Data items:
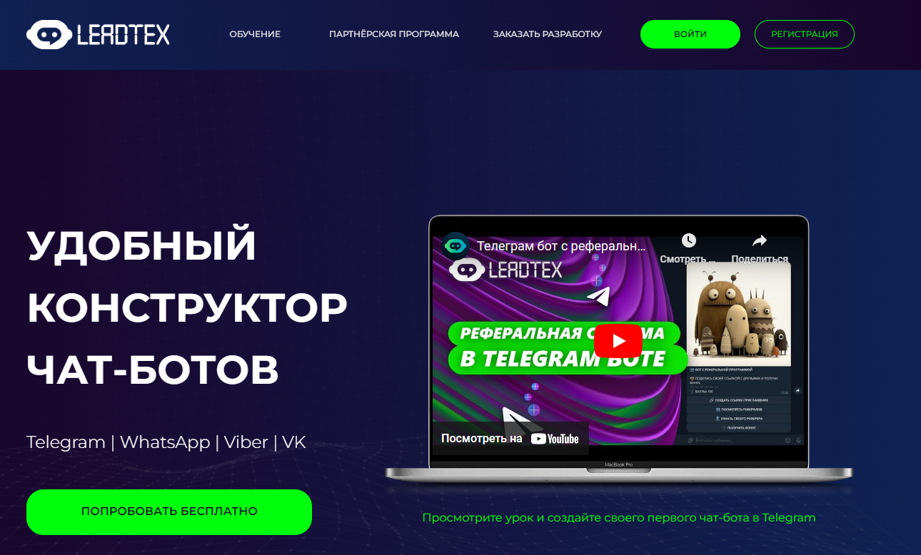 Для создания ChatGPT бота и других идей можно использовать конструкторы тг ботов, и это будет полностью бесплатно. Допустим такой конструктор как LeadTex(Кликабельно).
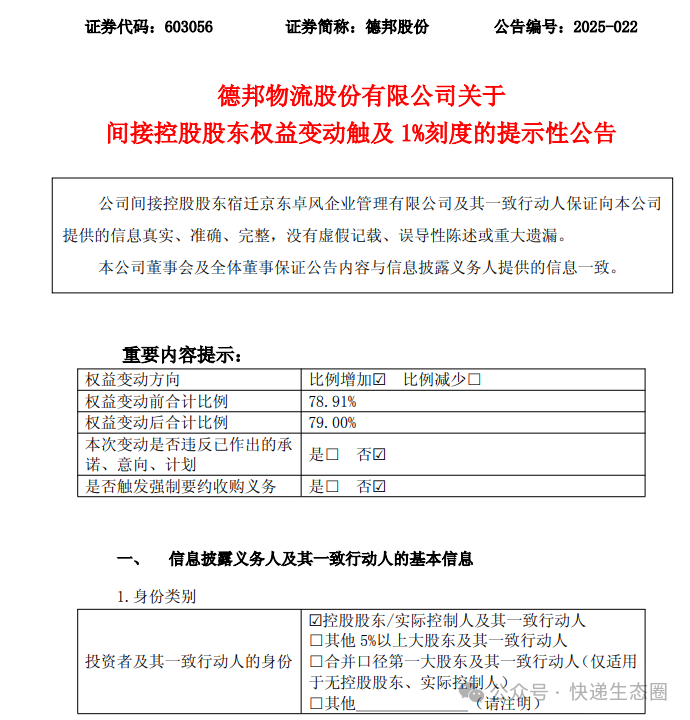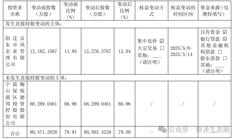 公告显示,德邦股份的间接控股股东宿迁京东卓风企业管理有限公司(以下简称“京东卓风”)及其一致行动人宁波梅山保税港区德邦投资控股股份有限公司(以下简称“德邦投资控股”)的持股比例由78.91%增加至79.00%。具体来看,京东卓风的持股数量从1.22亿股增加至1.23亿股,占比从11.95%增加至12.04%,变动方式为集中竞价,变动时间区间为2025年5月8日至2025年5月14日,资金来源为自有资金。
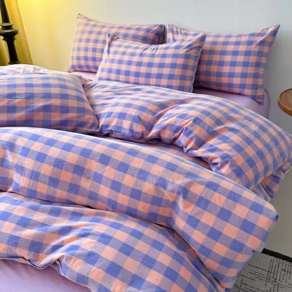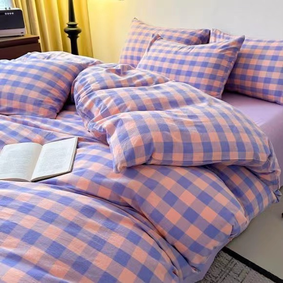 玖琳家纺 2024新款全棉色织水洗棉四件套 粉紫中格
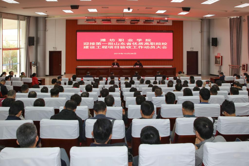 为全面推进优质校建设,做好优质校建设成效总结,以优异成绩迎接山东省教育厅对我院优质校建设的验收,10月28日下午,学院在滨海校区清泽楼报告厅召开迎接山东省优质高职院校验收工作动员大会。学院领导马跃启、王家爱、宋桂言、贺志强、李瑞昌、郭晓辉、刘德强出席。各部门、二级学院党政主要负责人,副科级以上干部,正高级职称教师,博士,各重点建设项目组骨干成员,优质校建设办公室全体成员200余人参加会议。
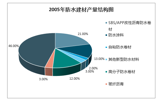2005年防水建材產(chǎn)量結(jié)構(gòu)圖
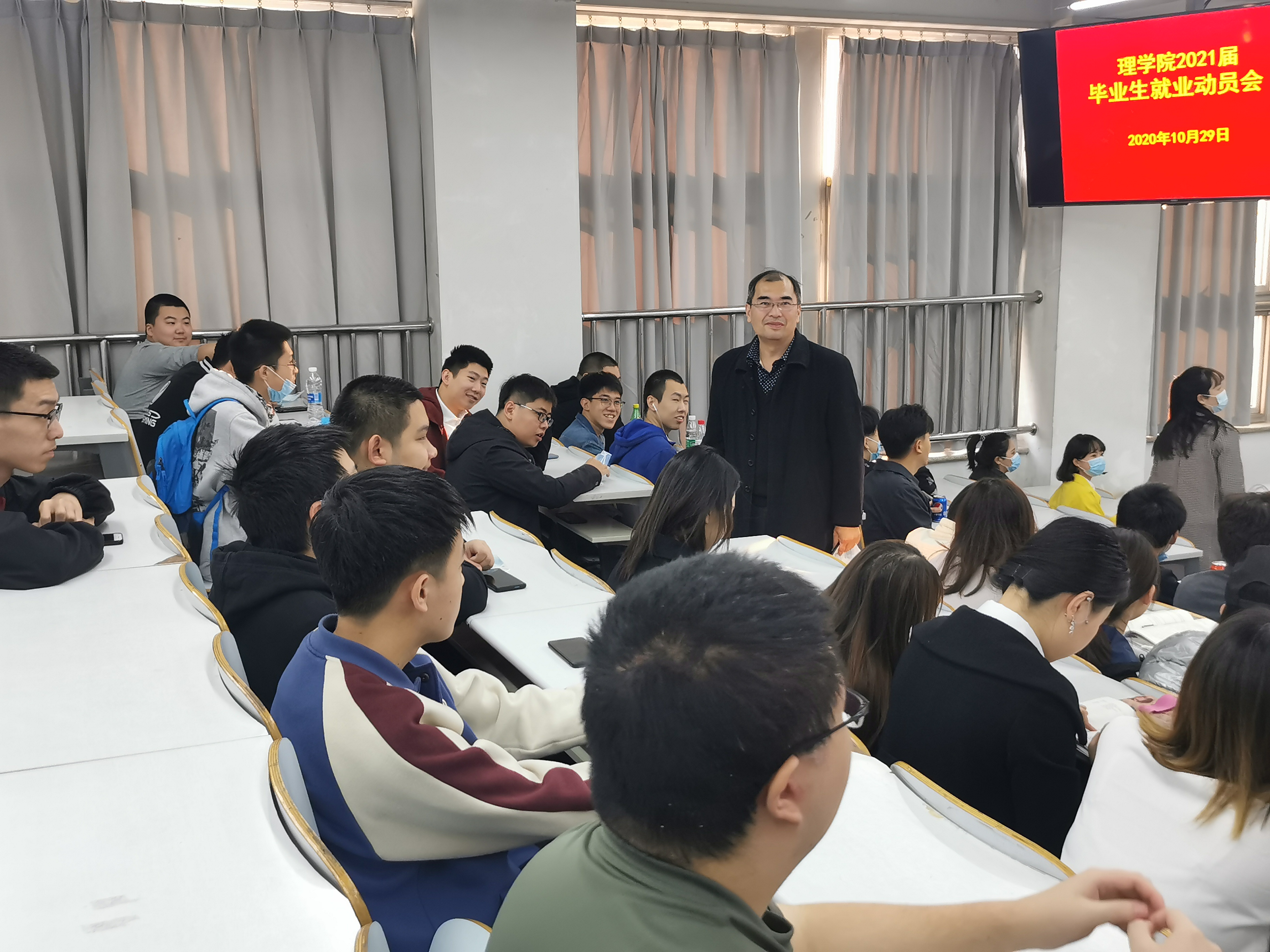10月29日下午,理学院召开2021届毕业生就业动员会,2021届全体毕业生参加了会议。学院党委副书记李冱岸做了就业动员。李冱岸副书记向毕业生介绍了学院近几年就业情况,重点就当前疫情对就业可能带来的影响和同学们进行了交流。他要求同学们要树立正确的就业观,全体毕业生不管是考研、出国还是找工作,一定要结合自身实际情况,准确定位,积极就业。他希望考研的同学,在当前升学的黄金时间,要把握时机,奋力拼搏,从而实现自...
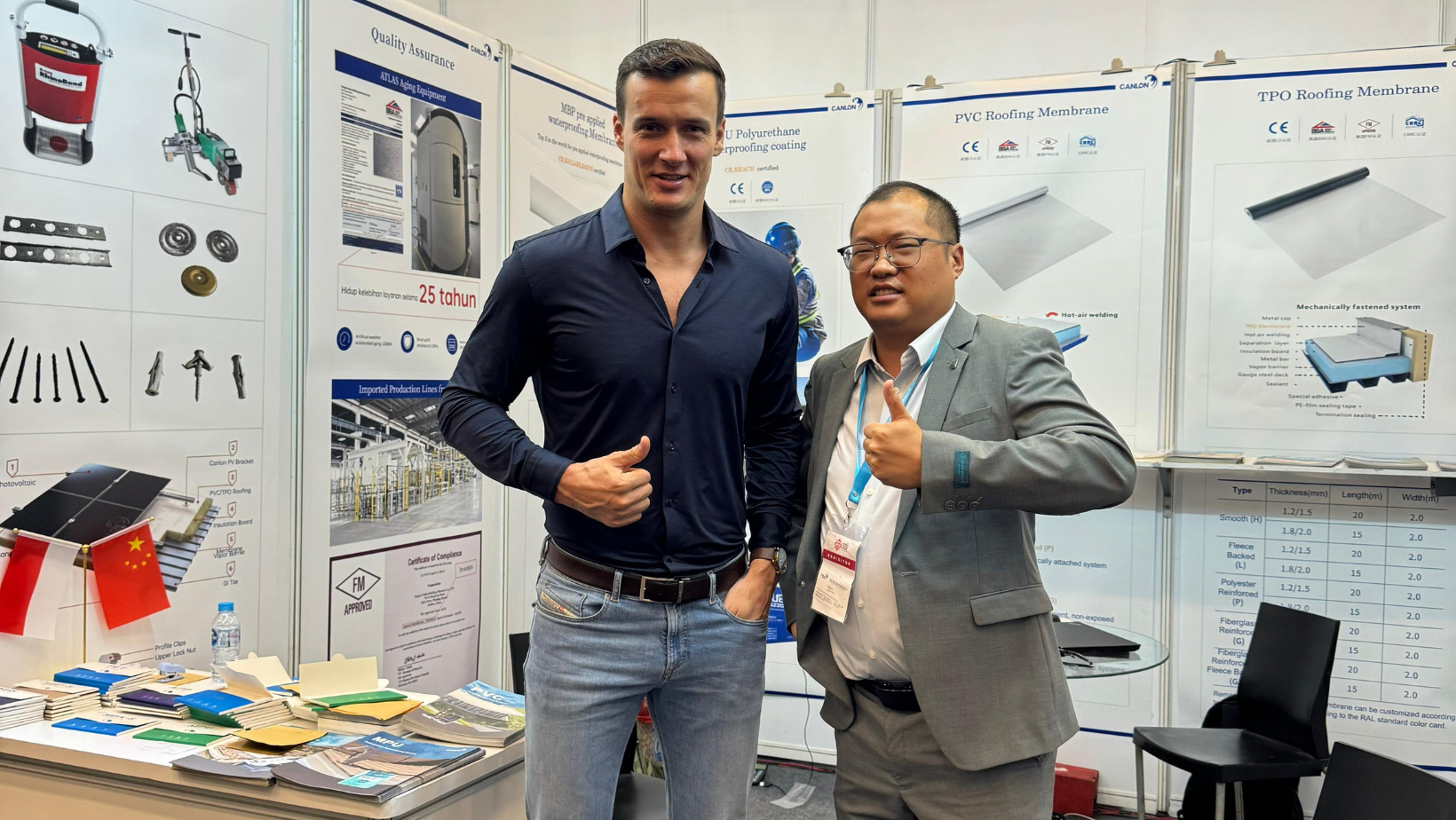 Jedním z klíčových momentů naší návštěvy byla schůzka s reprezentanty čínské společnosti Canlon, která je světovým lídrem v oblasti hydroizolací. Na výstavě byly prezentovány nejen vzorky jejich špičkových PVC membrán, ale také fotodokumentace přímo z Bali, kde produkty Canlon využíváme na našich stavbách.
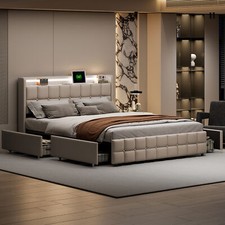 Lit rembourré 160x200cm lit double cadre de lit avec sommier à latte et LED FR
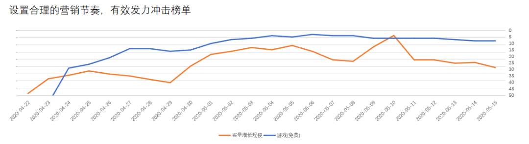 预热推广期,成都品游提前一周测试素材,并找出吸量素材,预热买入新进,逐步提升榜单排名,观察爬榜裂变率,调优新手引导;
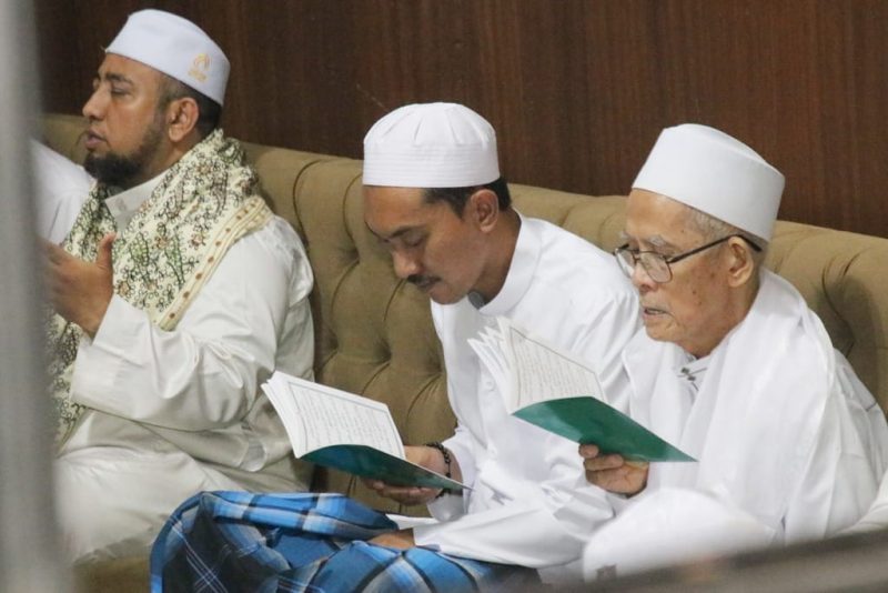 Jemaah larut dalam kekhusyuan saat dzikir nasyid berkumandang, dibawakan rombongan Ar Raudah Sekumpul Martapura pimpinan Guru Sya’dudin. (*/HM) )
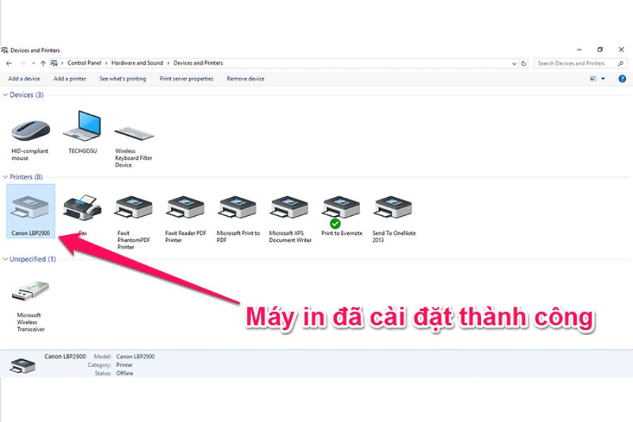 Như vậy, bạn đã kết nối thành công máy in và máy chủ, đồng thời thực hiện xong quy trình cài đặt máy in cơ bản.
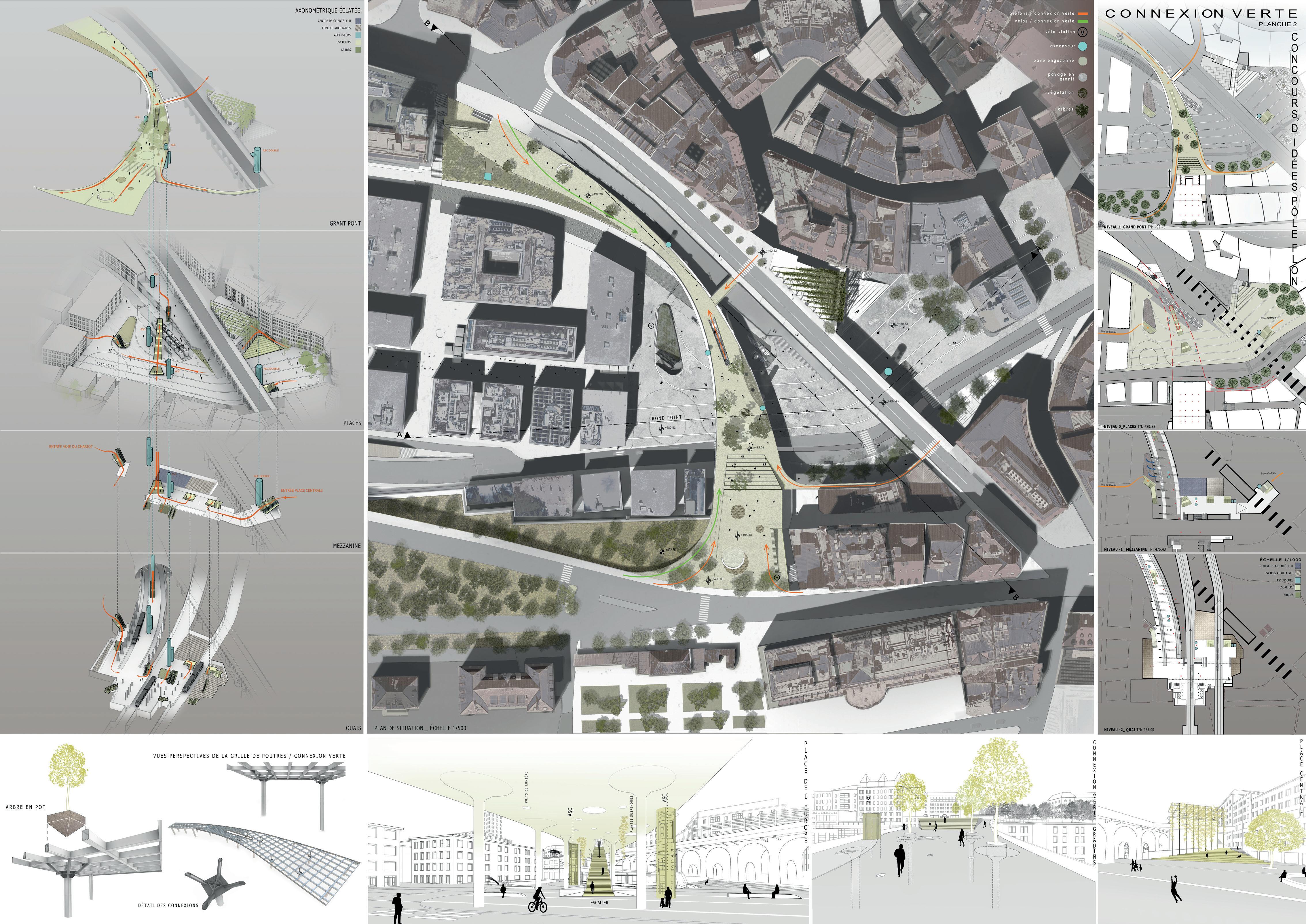 Les auteur.e.s du projet proposent un système de plateformes de parcs publics aériennes, végétalisées et pensées au niveau de la passerelle piétonne et du Grand-Pont. Cette végétalisation doit permettre de répondre aux enjeux importants d’îlot de chaleur du centre-ville. Le projet offre un circuit suspendu qui permet aux piétons de déambuler entre les plateformes. Au niveau des places et de la rue Centrale, la mobilité douce est priorisée et le stationnement est supprimé.

- [TASK TO COMPLETE]: What you return must match the lines above from the one with "Jemaah larut dalam" through the one with "Như vậy, bạn" exactly, with both ends included and the pictures excluded.

- [ANSWER SECTION]:
 Jemaah larut dalam kekhusyuan saat dzikir nasyid berkumandang, dibawakan rombongan Ar Raudah Sekumpul Martapura pimpinan Guru Sya’dudin. (*/HM) )
 Như vậy, bạn đã kết nối thành công máy in và máy chủ, đồng thời thực hiện xong quy trình cài đặt máy in cơ bản.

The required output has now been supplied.